Монаху рассказ Вдовы показался слишком уж откровенным. Этой женщине неведомы были стыд или раскаяние.
В келье в Метрелье Свечку навестил Бикот Ходье.
Графиня не отпустила монаха, когда тот захотел перебраться к Арчимбо, и твердо заявила, что будет держать его подле себя.
– Уезжаю из Каурена, – сказал Ходье. – Думал, вас это известие заинтересует.
– В вашем-то возрасте? Это из-за того случая?
– Нет. Не только. Но вера тоже мною движет.
– Буду по вам скучать. Я говорю это искренне. Вы – неотъемлемая часть моего Метрелье.
– Отправлюсь вместе с коннекскими силами в Святые Земли.
С коннекскими силами? Брат Свечка и вообразить не мог, что коннектенцам захочется отправиться в священный поход после всех тех ужасов, которые столько лет творились в их родном краю.
– А я и не думал, Бикот, что вы сделаетесь Божьим воином.
– Не Божьим воином, а паломником.
– Понятно.
Это больше было похоже на правду. Свечка и сам подумывал о паломничестве.
– Здесь у меня ничего не осталось, – заявил Ходье. – Лучше пусть графине служит кто-то помоложе, кто-то, у кого с ней взгляды сходятся. А мои старые косточки отправятся на восток и упокоятся в земле, где родился Господь.
– А кто еще едет? Может, и я присоединюсь.
Ходье вытаращил глаза. Слова Свечки ему не понравились.
– Сплошь пробротские епископальные чалдаряне. Компания вам вряд ли подойдет. Да и кому-кому, а вам-то зачем ехать в Святые Земли?
– Вы сами сказали: там родился Господь. В этом мы сходимся, как бы по-разному ни толковали Его слова и намерения.
Вот оно – огромное отличие, понял вдруг совершенный. Богом во плоти Аарона считали лишь последователи небольшого епископального культа, чьи еретические учения церковь подавляла с тем же рвением, с каким истребляла мейсалян.
– Вы шутите надо мной. Какой поход в ваши лета!
– Несомненно. И морские путешествия я плохо переношу. До сих пор удивляюсь, как не умер тогда на корабле во время кальзирского священного похода.
– Слышал-слышал, – широко и по-дружески улыбнулся герольд.
– Так что, Ходье, да хранит вас Господь, ваш и мой. Пусть на море вам сопутствует попутный ветер, а на берегу – прохладный.
Все хорошо знали, какая невыносимая жара стоит в Святых Землях. А еще в тех краях кишмя кишат кусачие насекомые, и укусы некоторых вызывают смертельную лихорадку.

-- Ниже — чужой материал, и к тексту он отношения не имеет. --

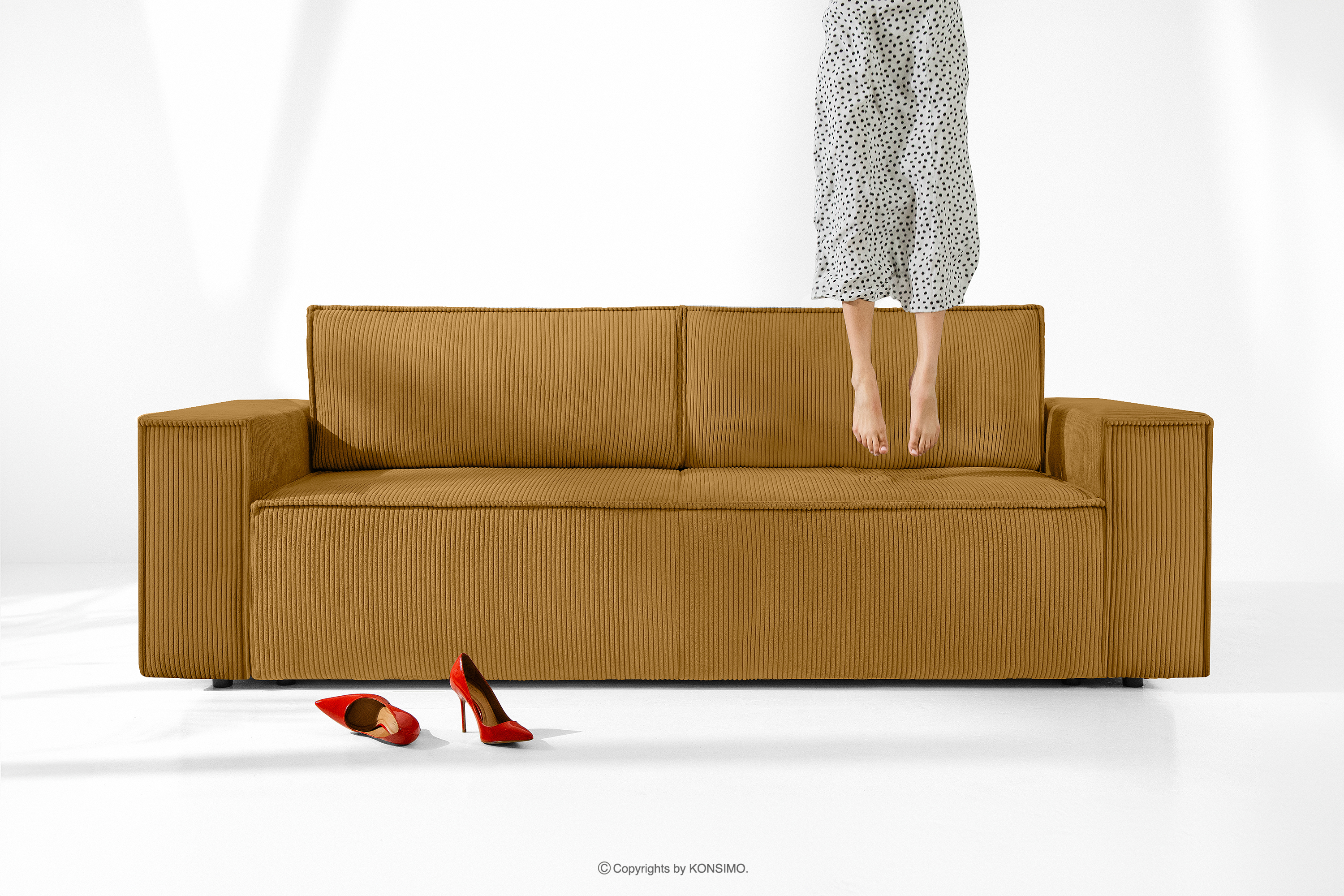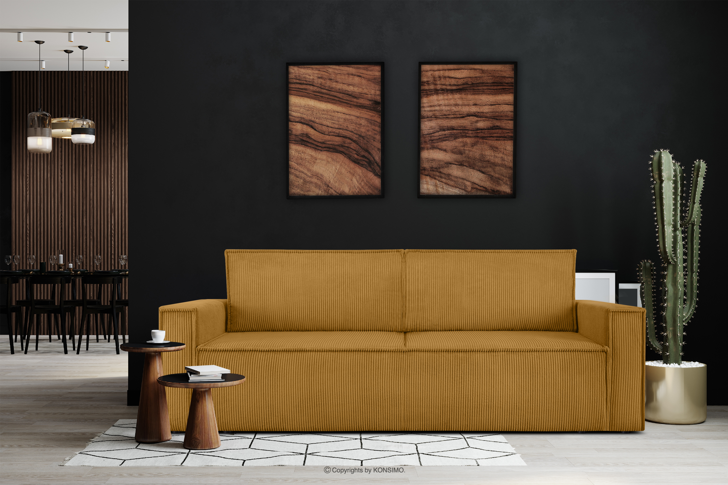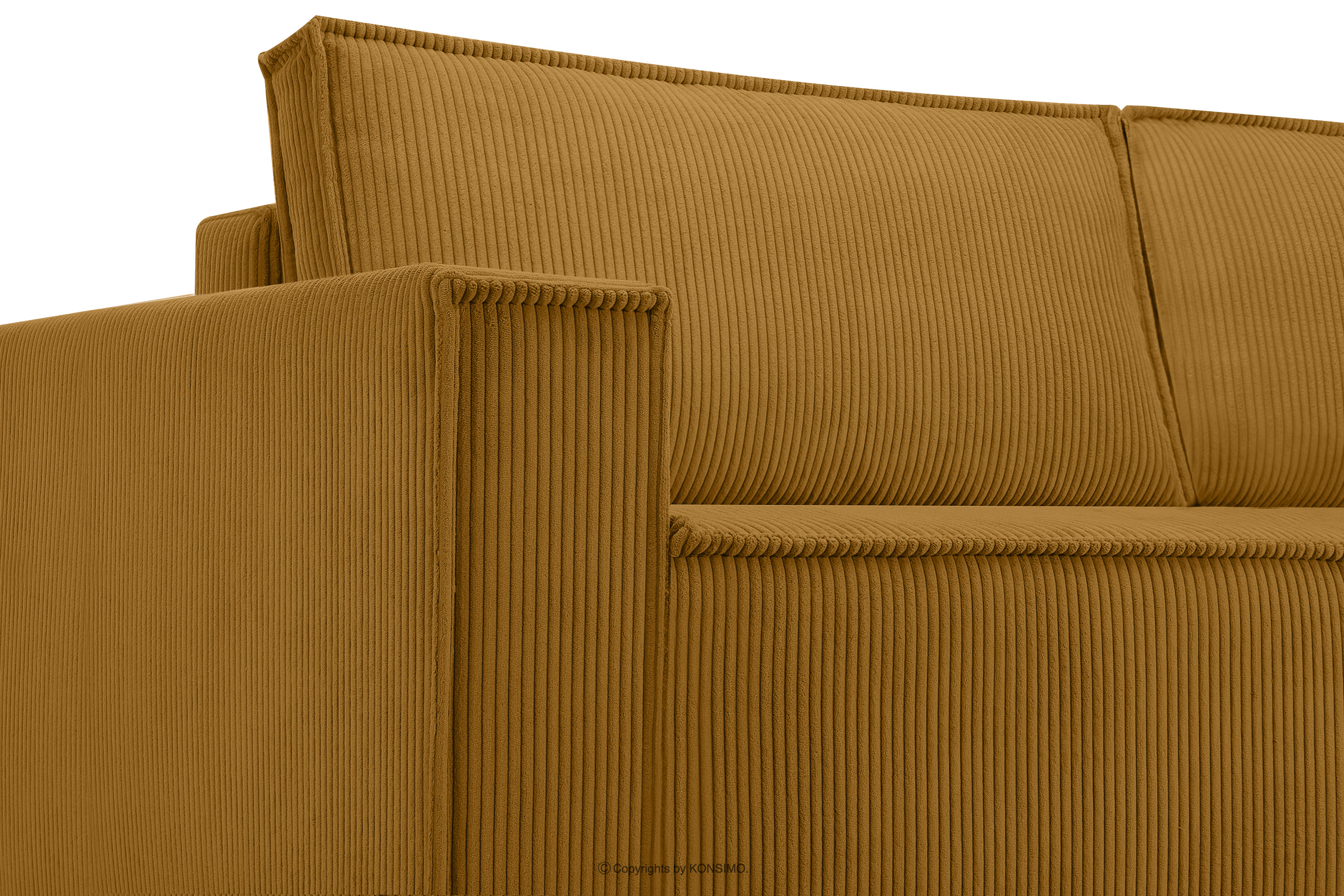 Pohovka 3 rozkladacia manšestrová žltá je kus nábytku v modernistickom štýle. Jej charakteristické široké boky ju vyčleňujú z radu štandardného nábytku. To je však len začiatok jej mimoriadnych možností. Opierkové vankúše poskytujú ideálnu oporu pre váš chrbát a vďaka svojim veľkým rozmerom aj skvele vyzerajú. Celé čalúnenie tohto výnimočného kusu nábytku je vyrobené z manšestrovej látky, ktorá je nielen príjemná na dotyk, ale aj si dlho zachováva svoj neporušený vzhľad.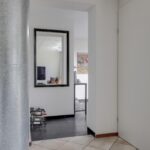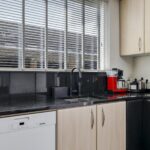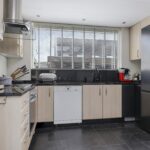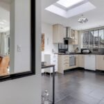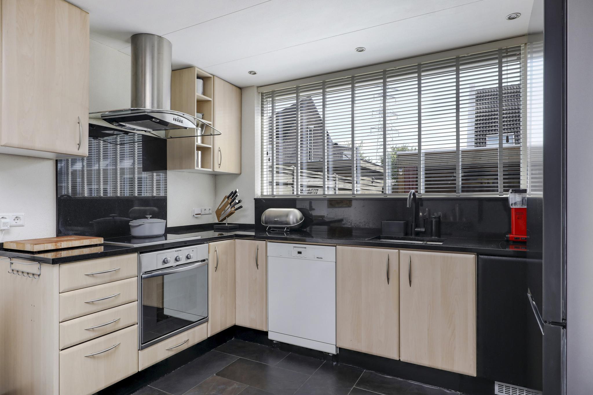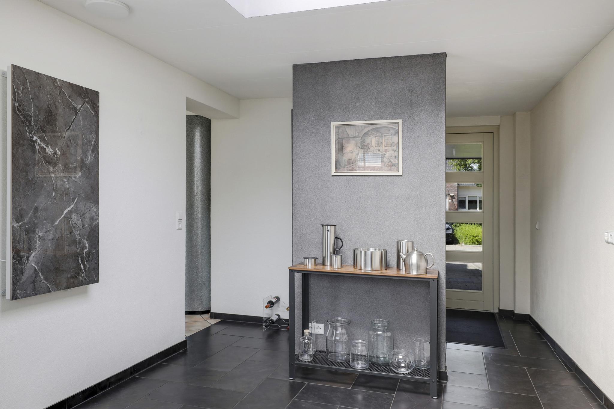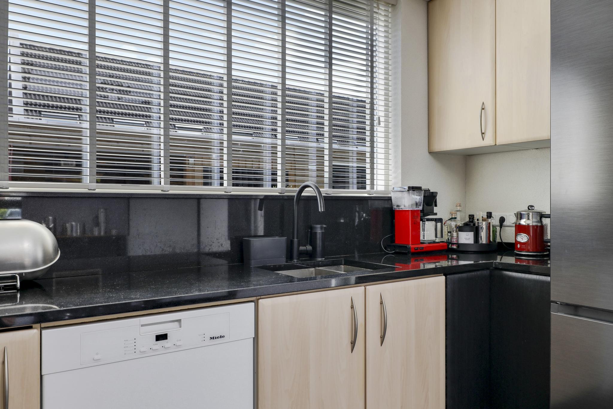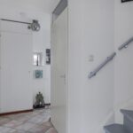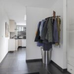 Doordat de garage is verbouwd tot leefruimte, is de woning aanzienlijk groter geworden. De ruimte is opgedeeld in een leefkeuken en een bijkeuken. Overigens zou je de bijkeuken ook als 2e hal/entree kunnen zien aangezien je wellicht meer van deze deur gebruik zal maken dan de voordeur. Door het tussenwandje kijk je niet direct de keuken in en kunnen je ook hier de jassen en schoenen kwijt. De wasmachine en wasdroger zijn uit het zicht doordat ze in een kast zijn geplaatst.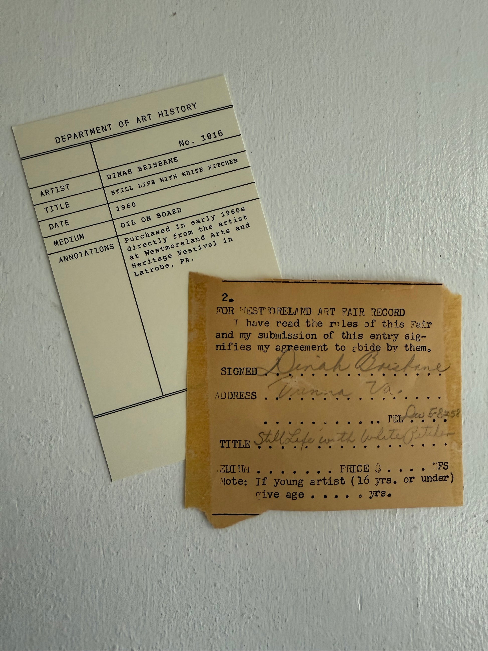 Originally purchased in the early 1960s directly from the artist at the Westmoreland Arts and Heritage Festival in Latrobe, PA.

Когда монах представлял, что придется терпеть зной и жалящих тварей, а перед тем еще и морскую болезнь, и все ради того, чтобы очутиться посреди кровавой резни, у него сразу пропадало желание даже думать о паломничестве в Святые Земли.

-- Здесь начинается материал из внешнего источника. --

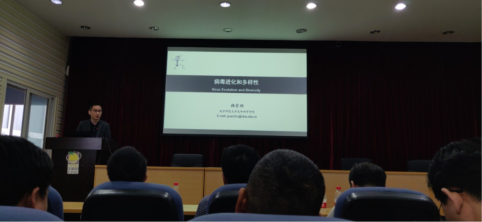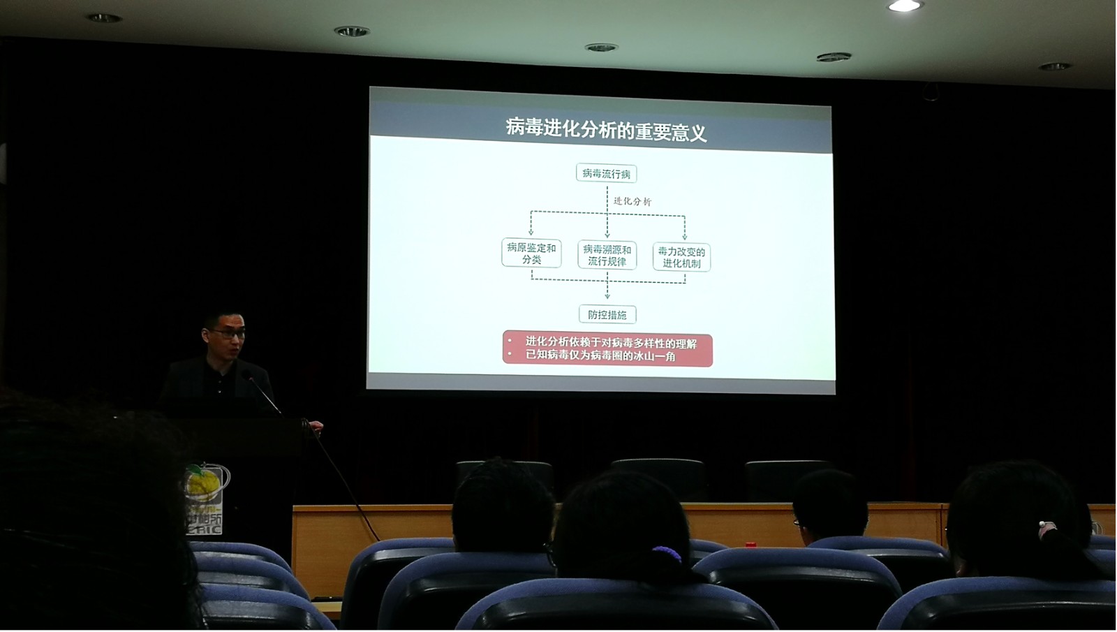 紧接着,韩管助教授作了题为“病毒进化和多样性”的报告,首先介绍了病毒进化研究对于病毒流行以及病毒多样性的意义,随后以逆转录病毒为例,介绍了在病毒如何起源与进化、内源性逆转录类病毒对宿主进化的影响等方面做的一些研究与探索。报告中,韩老师耐心详细地解答了老师和同学提出的问题,并与师生就相关问题进行了热烈讨论。

Брат Свечка все же ускользал из замка на мейсальские службы в доме у Кедлы. Этот внушительный дом достался ей в наследство от мужа. У Сомса не нашлось других родственников, которые могли бы заявить свои права на его имущество. Пока Кедлы не было, там жили мейсаляне, приходившиеся родней Арчимбо.
Кое-кто зарился на лакомый кусочек, но спорить с Вдовой не решался. Она поселила у себя с десяток Правосудных, словно бы бросая тем самым вызов общественному мнению.